### DATA TO PROCESS
:::

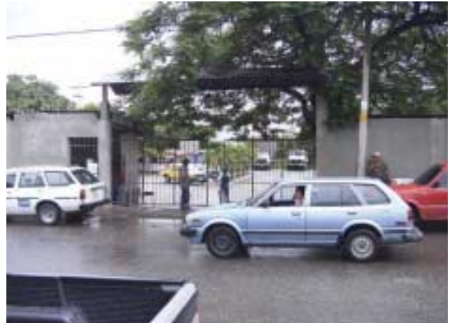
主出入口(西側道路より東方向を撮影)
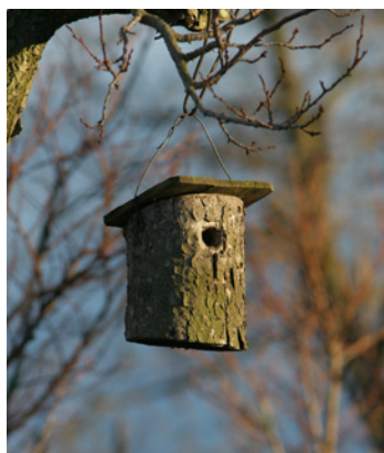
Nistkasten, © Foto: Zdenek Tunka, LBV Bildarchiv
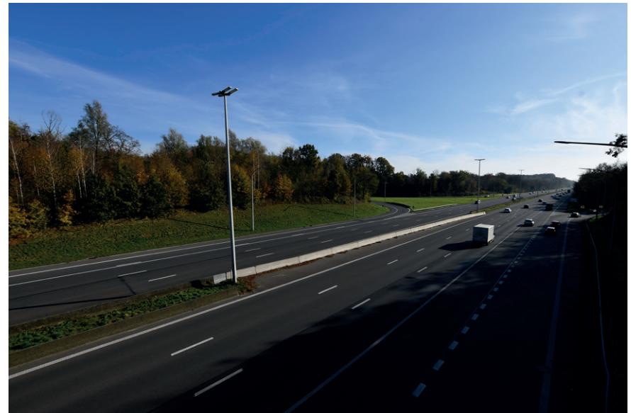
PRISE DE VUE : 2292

:::

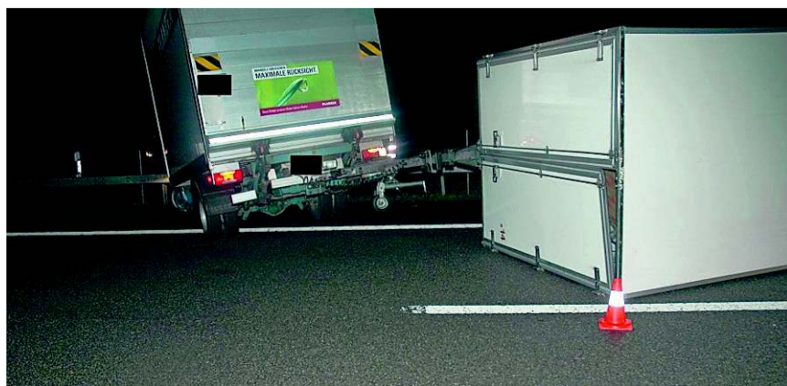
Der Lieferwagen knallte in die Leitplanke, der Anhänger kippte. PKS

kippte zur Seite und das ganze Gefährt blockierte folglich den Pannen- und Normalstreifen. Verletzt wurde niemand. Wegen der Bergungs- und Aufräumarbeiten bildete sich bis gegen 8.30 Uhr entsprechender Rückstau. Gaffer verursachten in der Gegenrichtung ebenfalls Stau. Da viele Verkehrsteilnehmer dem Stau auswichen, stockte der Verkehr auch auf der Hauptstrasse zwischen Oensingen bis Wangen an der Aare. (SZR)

:::

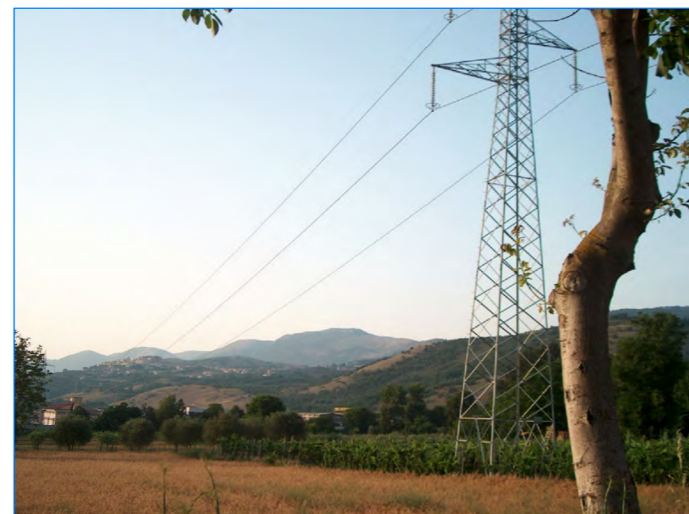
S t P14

:::

### DIRECTIONS FOR THIS TASK
Go back to the listing above and write out the lines starting at the one with "Nistkasten, © Foto: Zdenek" and ending at the one with "PRISE DE VUE : 2292", inclusive, exactly and without pictures.

### THE ANSWER
Nistkasten, © Foto: Zdenek Tunka, LBV Bildarchiv
PRISE DE VUE : 2292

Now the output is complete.